Updated 28 August 2025
  • SoccerNet 2025 Challenges is a benchmark comprising four vision-based tasks in football video analysis with unified datasets and protocols.
  • Methodological advances include joint team-action modeling, tailored data augmentation, and multi-modal fusion using large-scale pre-trained models.
  • Successful approaches achieved notable gains, such as a Team-mAP@1 of 60.03 and a GS-HOTA score up to 63.90, reflecting progress in sports video understanding.

The SoccerNet 2025 Challenges comprise the fifth annual instantiation of the SoccerNet open benchmarking effort, designed to drive forward computer vision research in football video understanding. This edition centered on four major vision-based tasks—Team Ball Action Spotting, Monocular Depth Estimation, Multi-View Foul Recognition, and Game State Reconstruction—each defined by large-scale annotated datasets, unified evaluation protocols, and strong open-source baselines. The challenges aimed to advance reproducible, open research at the intersection of computer vision, machine learning, and football analytics, reflecting the escalating complexity and practical relevance of video understanding in sports (Giancola et al., 26 Aug 2025).

1. Team Ball Action Spotting

The Team Ball Action Spotting task focused on temporally localizing on-ball actions in broadcast football videos and, uniquely, assigning each detected action to the appropriate team as seen from the camera’s view. The challenge involved 12 action classes, increasing temporal detection granularity and semantic complexity by adding team attribution.

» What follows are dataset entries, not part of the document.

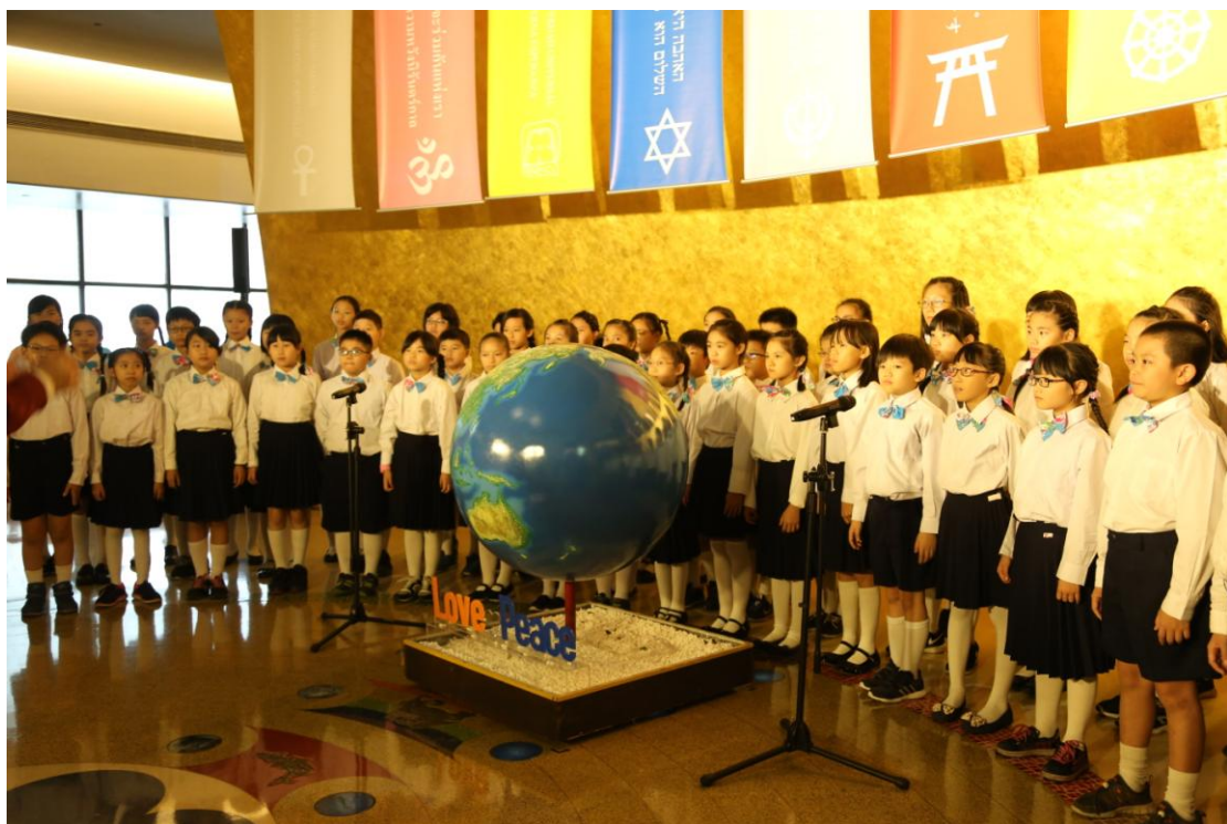
▲埔里國小合唱團於館慶當日表演三首曲目，為世界宗教博物館慶生，並且表演完後至愛的星球參觀。
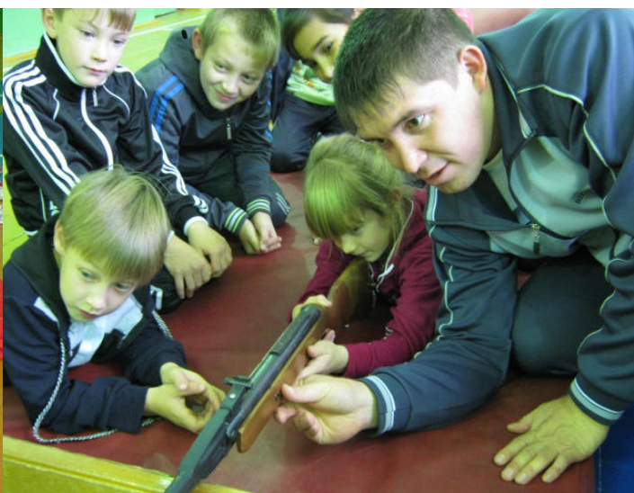
Стрельба из пневматической винтовки
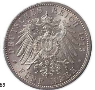
KM.618 Prooflike 4 500,- KM.281 0/01 1 700,-
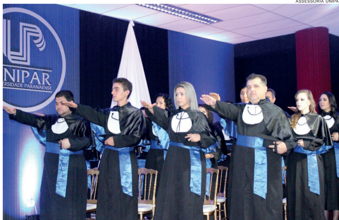
Formandos fazem juramento profissional
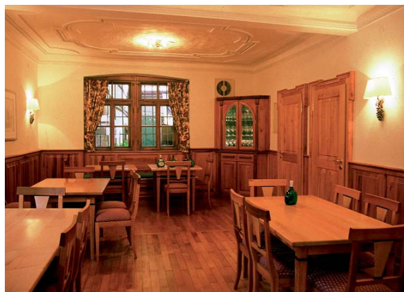
Abbildung 10: Weinprobierstube in Iphofen als Beispiel der Verwendung der Elsbeere in massiver Form
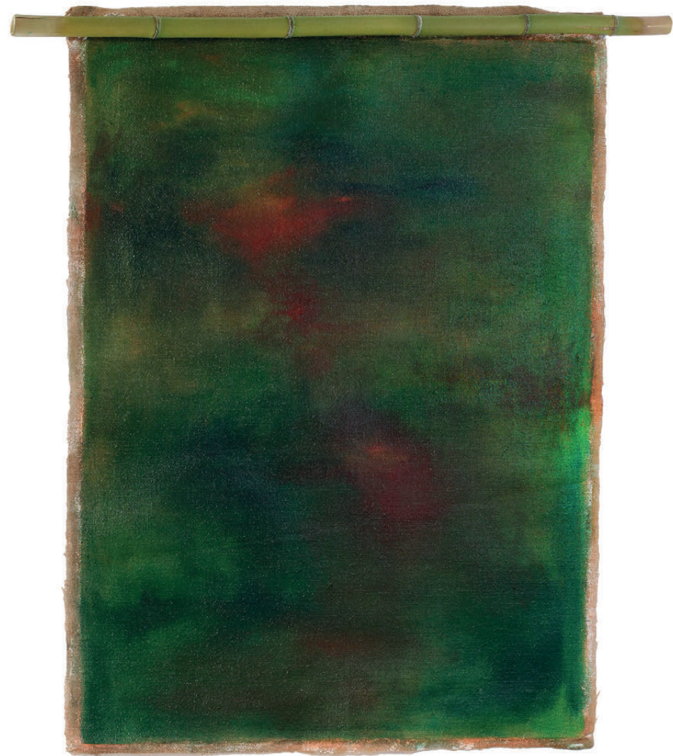
Valentina Agostini Pregelj, Svitek, 2021, olje na platnu, 104 x 78 cm
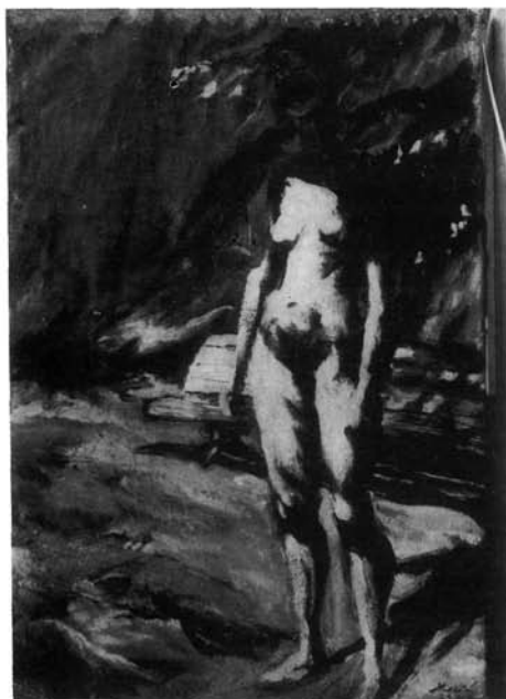
1. kép. Akt a kertben (Olaj, vászon, 75x50 cm Ltsz: HOM 74.70.)

re, a vetett árnyéokra, a középtérbe állított padra. A modell szépsége a megfogalmazás áldozatává válik, de kifejezésének hitele erősödik általa.
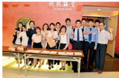
研討會之工作團隊
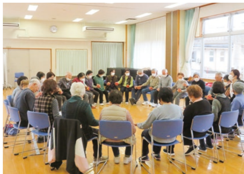
フレイル予防教室

2年間事業を実施し、新規に関わりを持たれた方はいるものの、人手不足もあり、その後のフォローアップが不十分であると感じたため、3年目の令和7年度はもともとあった介護予防教室を拡充し、
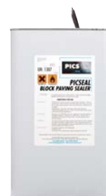
PICSEAL yfirborðsefni 5 og 25 lítra
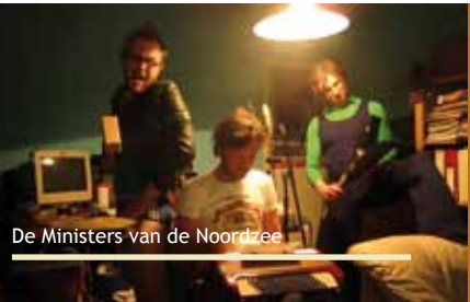
De Ministers van de Noordzee
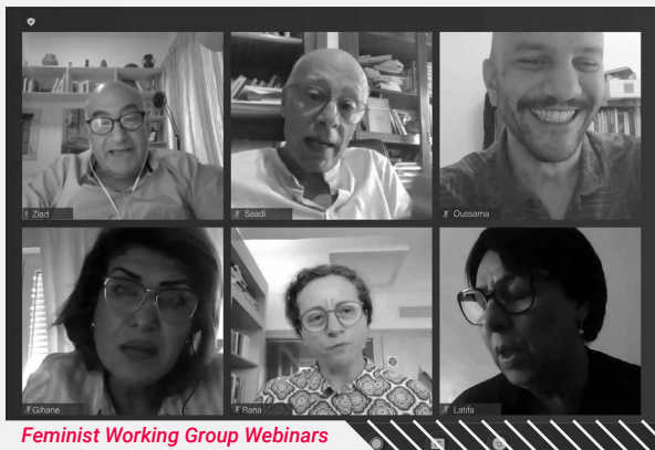
Feminist Working Group Webinars
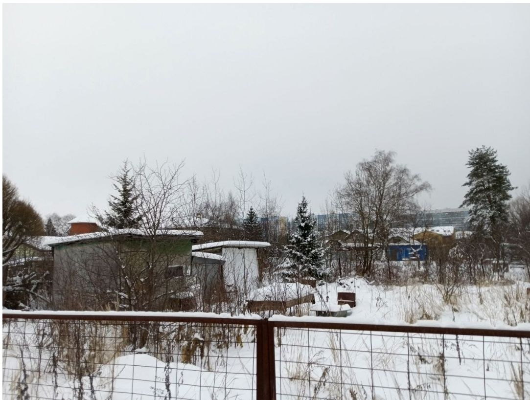
POVA 6 Neo
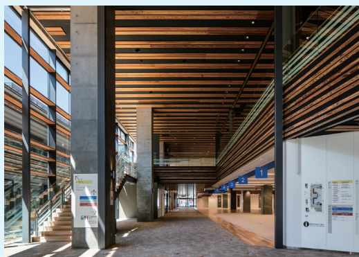
天井に地元産材を使った東口の吹き抜け(1階)
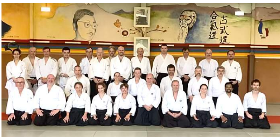
photo de groupe prise lors du stage.
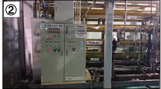
② 水は海洋深層水です

Methodologically, most top entries began with the T-Deed baseline for ball action spotting. Innovations were primarily centered on the fusion of team information. The winning approach abandoned separate heads for action class and team assignment in favor of a joint head that predicts team–action combinations directly, consolidating the state space and reducing redundant non-action phases. Extensive data augmentation was commonly used, including horizontal flips (with label swapping for team orientation), brightness changes, crop strategies, and artificial camera-pan transformations to promote generalization.

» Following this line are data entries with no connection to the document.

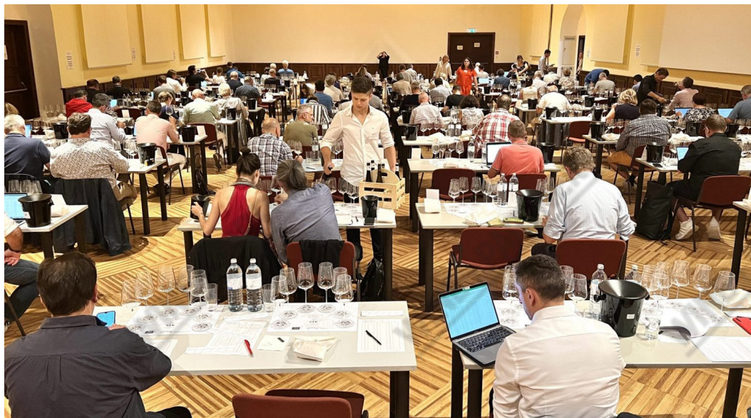
300 journalister, sommelierer og innkjøpere samlet seg for å smake Østerrikes Erste Lagen-viner.
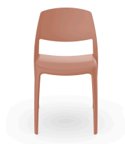
Silla Smart Terra Cotta 05368..4X.
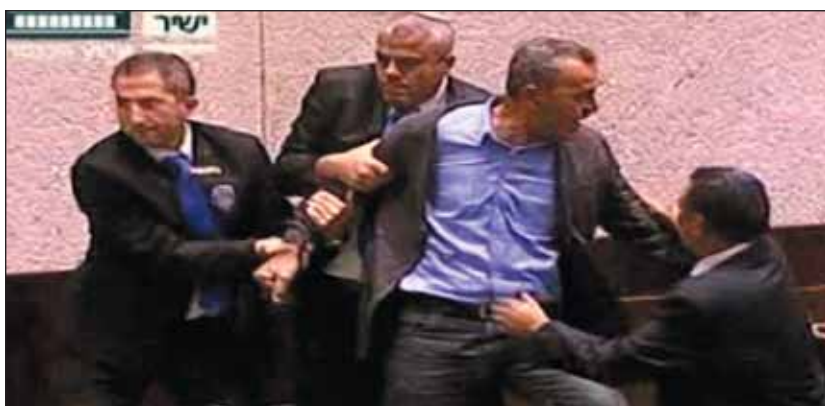
Jelenet a kneszetből

Az új alaptörvény elfogadott elveiből állítják össze a törvényjavaslat szövegét, amelynek kinyilvánított célja Izrael zsidó jellegének erősítése, bírálói szerint demokratikus jellegének rovására. Az arab nyelv a javaslatok értelmében nem számít az ország hivatalos nyelvének, noha Izrael mintegy ötödének ez az anyanyelve.
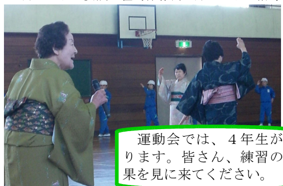
4月27日 安茂里甚句保存会の方々よりご指導
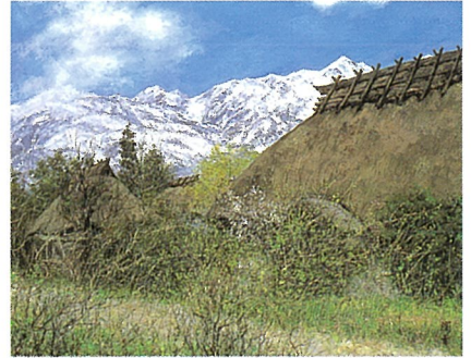
岳麓好日(長野県北信安曇郡白馬村塩島) 1969年
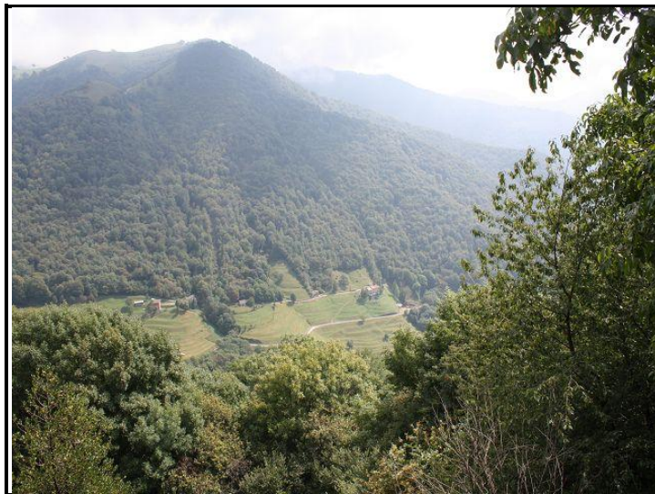
Vista verso sud / Blick nach Süden
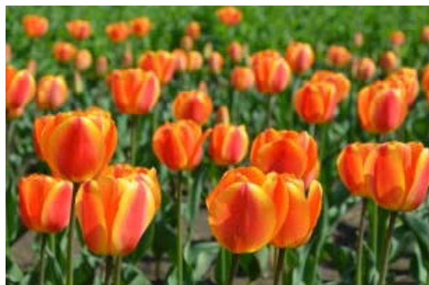
色とりどりのチューリップ
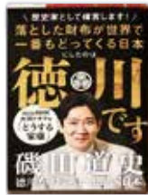
徳川です 磯田道史 著
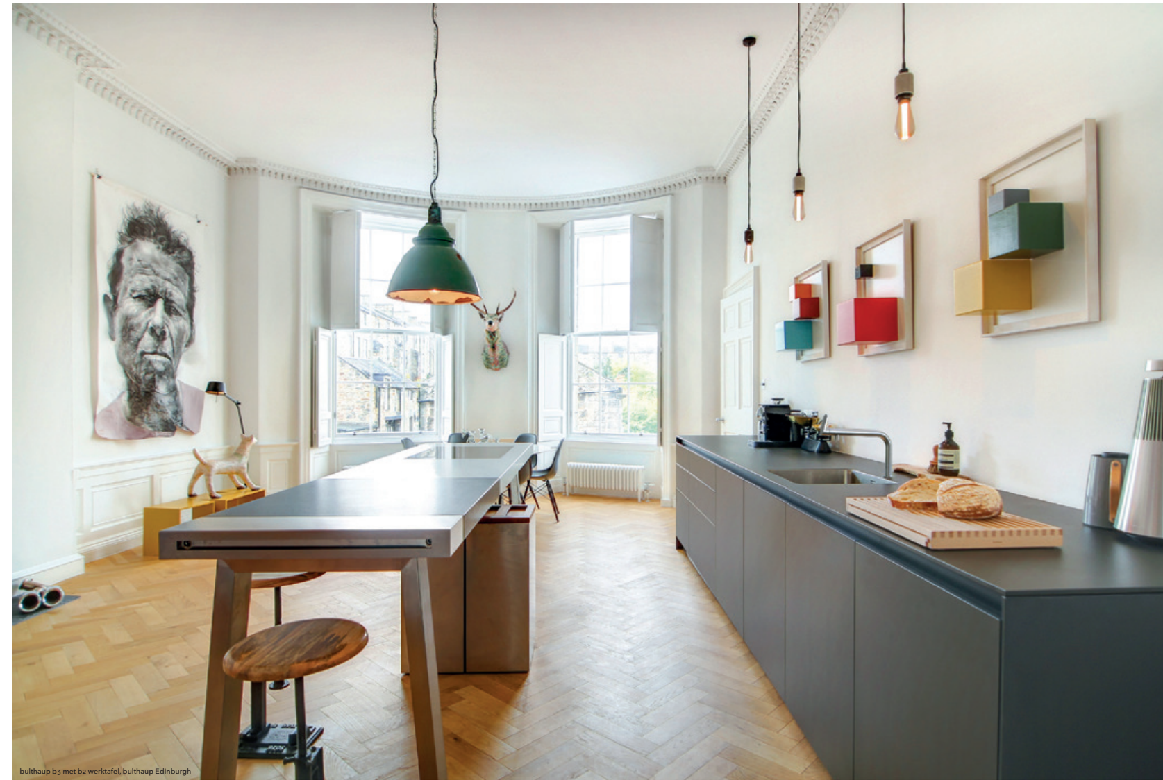
bulthaup b3 met b2 werktafel, bulthaup Edinburgh

Evaluation relied on a team-aware mean Average Precision (Team-mAP@1) at a tight 1-second tolerance: for each action–team pair, AP was calculated and then combined by weighting according to the number of ground-truth events for each team. This allowed balanced performance measurement across classes. The best solution achieved a Team-mAP@1 of 60.03, an improvement of more than 8 points over the prior benchmark.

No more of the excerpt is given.